To do this, he claimed he had diarrhoea, and would clutch his gut and excuse himself from one group whenever he wanted to talk to the other.
It's literally the sitcom trope of accidentally inviting two girls to the same dance, and having to keep both of them unaware of each other while finding excuses to run between them, except it's so much more ridiculous than that and is meant to have actually happened.
Carter White
somehow i get this feeling that these stories might have been fabricated for comedic effect
>be at the most chad position you can be >still get cucked whats wrong with women
Caleb Clark
>falling for the chad/virgin meme unironically
Benjamin Gomez
Its normal for french women to be whores, it was always like this and will always remain like this.
Jaxon Peterson
I think this stereotype is stupid and unfair.
Kevin Kelly
I desperately need to hear more. Sauce pls
Daniel Bell
it actually does happen in humans, but only as a result of pregnancy
epigenetics
Leo Hill
>reverence and awe towards the woman Cuntcuck logic
Tyler Long
Why do you think the theme of infidelity and cuckolding is so prevalent in media throughout the ages? It's a man's primal fear since he has no way of knowing wether the progeny of his wife is truly his or not. It has always been like this, and the whole "no matter how powerful you become, you will never be able to have control over this" is a big part of it as well.
Easton Cooper
Genghis was so Chad his actions are incomprehensible to wannabe alpha males.
Dylan Wood
>no way of knowing wether the progeny of his wife is truly his or not well physical appearance is usually a decent indicator basically a clone of my father, AMA
Thomas Richardson
t. French woman
Connor Stewart
it doesn't really matter since his legitimate children didn't allow the bastard to inherit anything
Charles Reyes
Honestly I only started reading about Rome recently. Most of the stories I've posted come from Caesar, Life of a Colossus, which I've nearly finished and which was really good. Before that i read Mary Beard's SPQR, which was honestly the perfect first book on Rome because it basically covers and explains the first 1000 years of Rome's history as if it was talking to a 12 year old who's never even heard of it. It also contains its fair share of this kind of nonsense, and unlike some writers who have such a boner for Rome that they try to frame everything very formally, she fully acknowledges how petty and hypocritical everything was.

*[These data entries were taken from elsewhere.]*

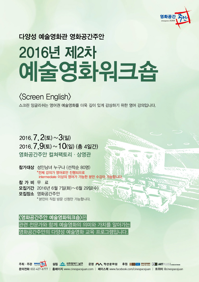 저용량_2016년 제2차 영화공간주안 예술영화워크숍 전단.jpg 이미지 저용량_2016년 제2차 영화공간주안 예술영화워크숍 전단.jpg (97KByte) 사진 다운받기
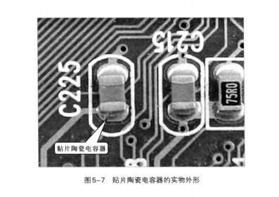 貼片陶瓷電容是應(yīng)用最多的一種電容,它的電路符號為"┤├”,在電路中,這種電容器的代號為"C”,貼片陶瓷電容器的實物外觀見圖5-7。
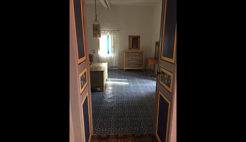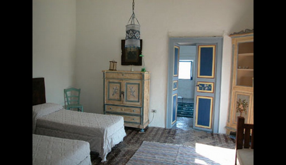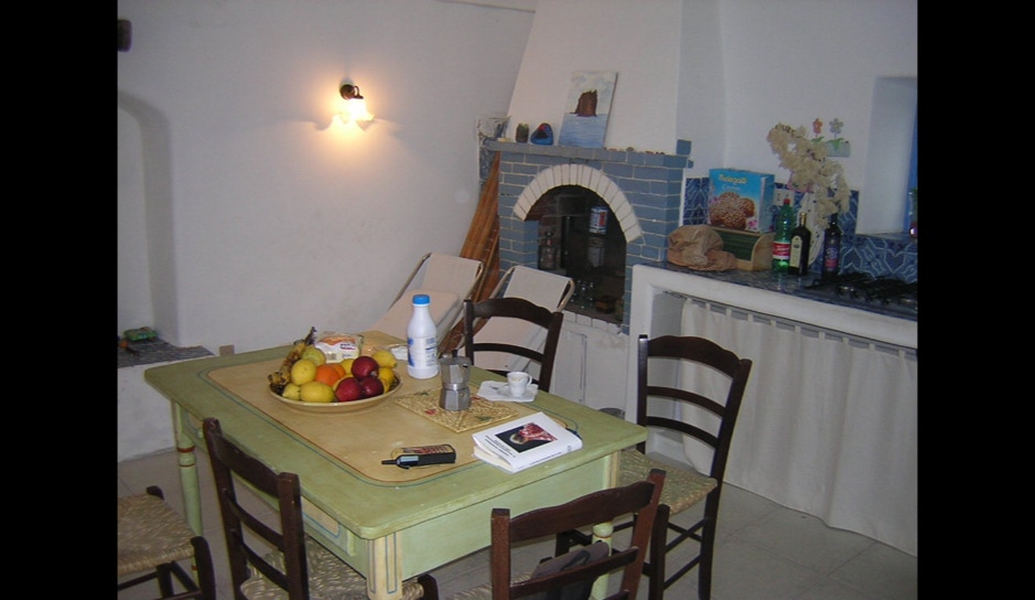 La stanza al piano terra lato monte è la cucina, ma ogni stanza può comunicare con quella adiacente per mezzo di una porta. Le due stanze a piano terra danno su un terrazzo con “bisuoli” (sedili) dal quale si gode la vista dello Stromboli e del mare con lo Strombolicchio. La stessa vista si gode dai due balconi della stanze al primo piano. Le finestre delle due stanze lato mare sono rivolte a Tramontana e guardano il mare.
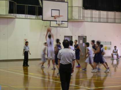 平成25年9月23日(月・祝)に洛南中学校において、男子バスケットボールの秋季大会1次リーグ予選の2試合目が行われました。この日の相手は開睛中学校でしたが、第1クォーターから取りつ取られつのシーソーゲームを繰り広げていました。第4クォーターの終盤、6点差を付けて残り数十秒、シュートを決められ4点差、ボールを回している間に相手に取られ、残り1秒で3ポイントシュートを打たれました。これが決まり54対53、そして試合終了のホイッスルが鳴り、1点差で劇的に勝利を収めることができました。
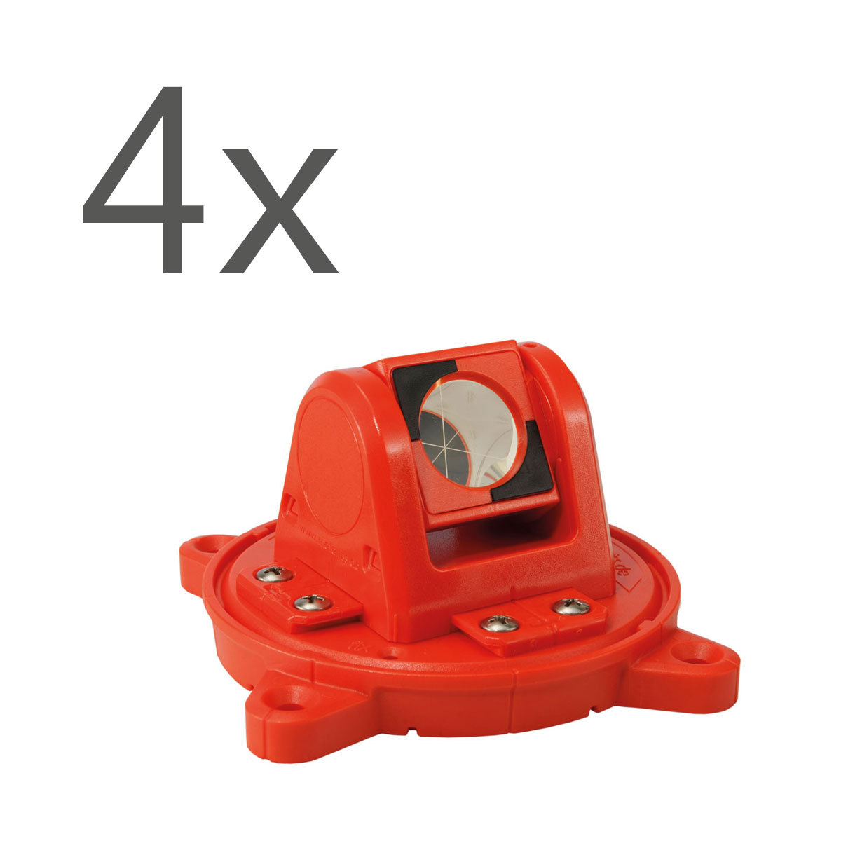 4 Prismen RSMP390M: Diese Prismen sind äußerst vielseitig einsetzbar. Sie lassen sich um 360 Grad am Fixpunkt ausrichten, so wird es möglich, fast überall äußerst präzise Vermessungen durchzuführen, da die Prismen immer exakt auf die Position der Totalstation ausgerichtet werden können.
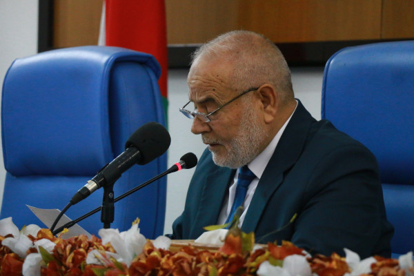 بدوره استهل د. أحمد بحر، الجلسة بالتنديد بتصاعد الاقتحامات الصهيونية للمسجد الأقصى وباحاته، منوهاً أنها تتم بدعم وغطاء كاملين من حكومة الاحتلال للمجموعات (الصهيونية) المتطرفة الساعية لتقسيم المسجد الأقصى زمانياً ومكانياً كمرحلة أولى تمهيداً لهدمه وإقامة هيكلهم المزعوم على أنقاضه في مرحلة لاحقة.
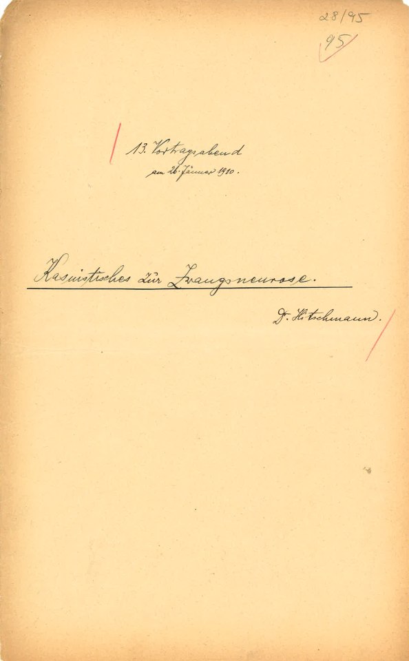 Protokoll des 13. Vortragsabends des 8. Jahres der Psychologischen Mittwoch-Gesellschaft am 26. Januar 1910. Eduard Hitschmann: Kasuistisches zur Zwangsneurose
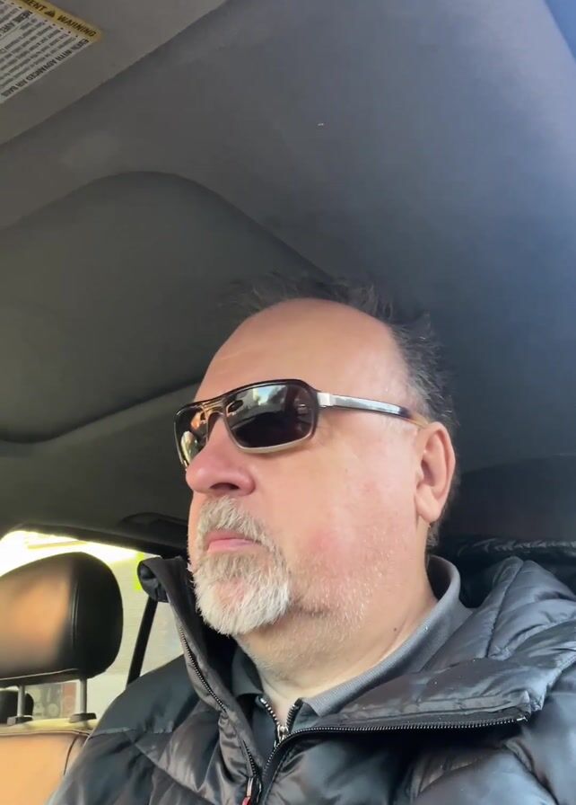 middle-aged man sitting in the driver's seat of a car. He is wearing sunglasses and a black puffy jacket. He has a goatee and his hair is thinning. The car interior is visible, including the headrest, ceiling, and sun visor. Music is playing in the background. The man is looking straight ahead.
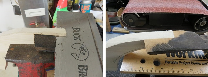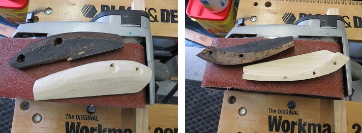 I used a hand saw to trim the excess off. Then I used my floor sander clamped onto my work table as a shaping tool to sand the new wood section flush to the old cross member.
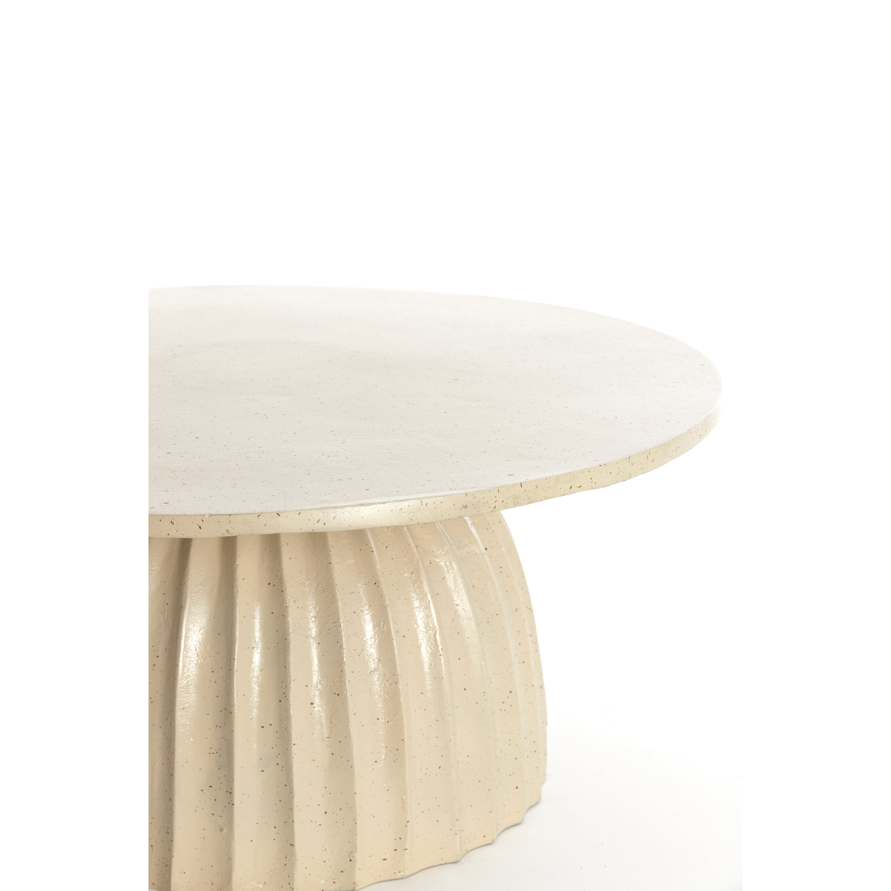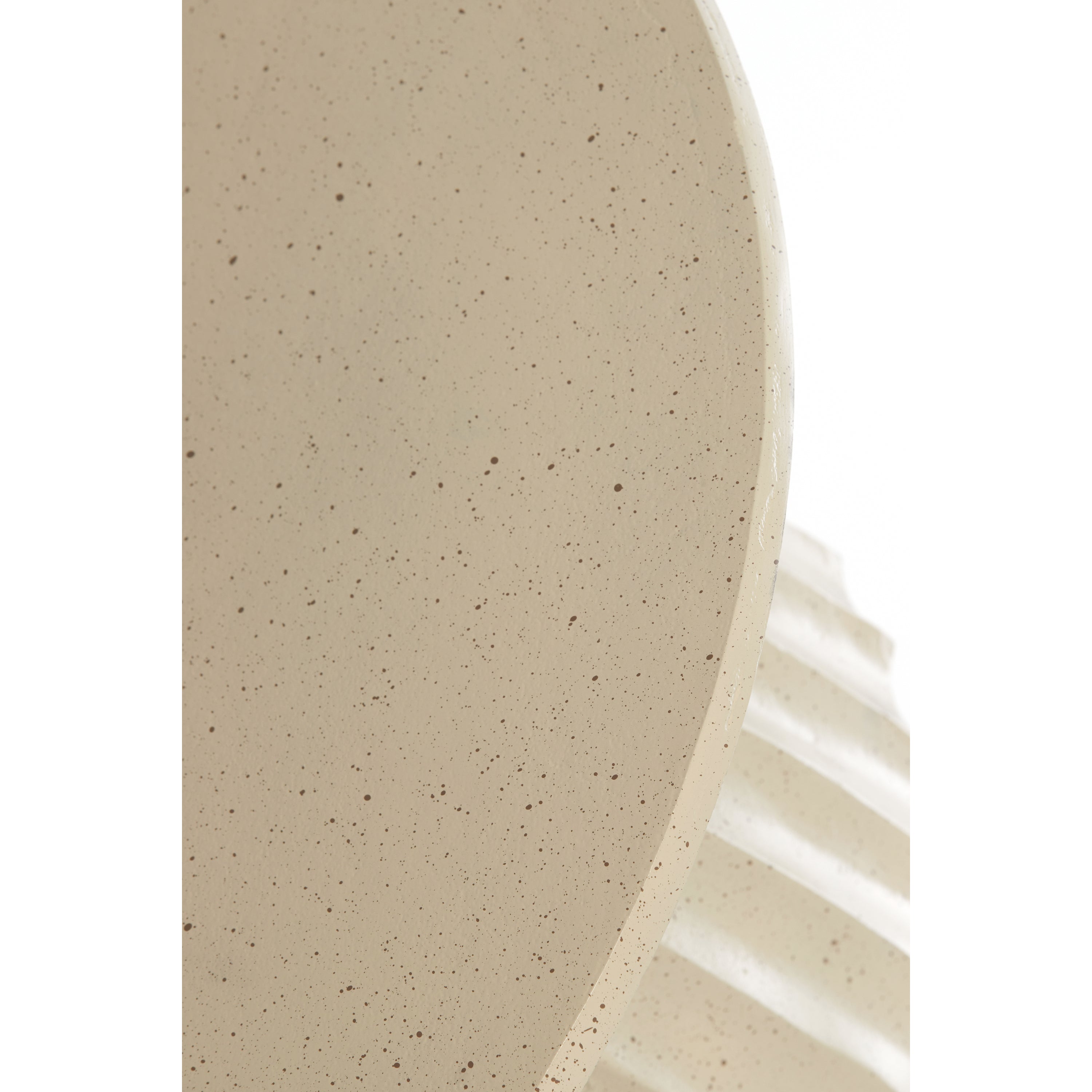 De Light&Living Bijzettafel VEGLIA heeft een unieke uitstraling door de combinatie van een mat zandkleur en een licht bruin gespikkelde afwerking. Deze kleuren en texturen geven de tafel een moderne en natuurlijke look die moeiteloos aansluit bij zowel minimalistische als bohemian interieurs. Het subtiele speelse patroon maakt deze tafel tot een echte blikvanger, zonder overweldigend te zijn.

I read them both online. So basically, SPQR-better introduction, Caesar-a bit more detail on these kinds of incidents, at least for the late Republic era, which was probably the wackiest period.
I wonder if the future historians will have the same thing going on with the USA.
Jace Bell
Belisarius's wife was fucking behind his back too, to the point where even some of his officers had heard rumors about it.
Ian Perry
The chad cuck
Jayden Reed
Napoleon's brother Louis was also cucked by Josephine's daughter who had an illegitimate child. Being a whore runs in the family apparently
Nolan Morris
>socially reclusive teenagers raised by Veeky Forums learn that words like 'chad' and 'beta' don't have any meaning outside their distorted fantasies This is fascinating to watch.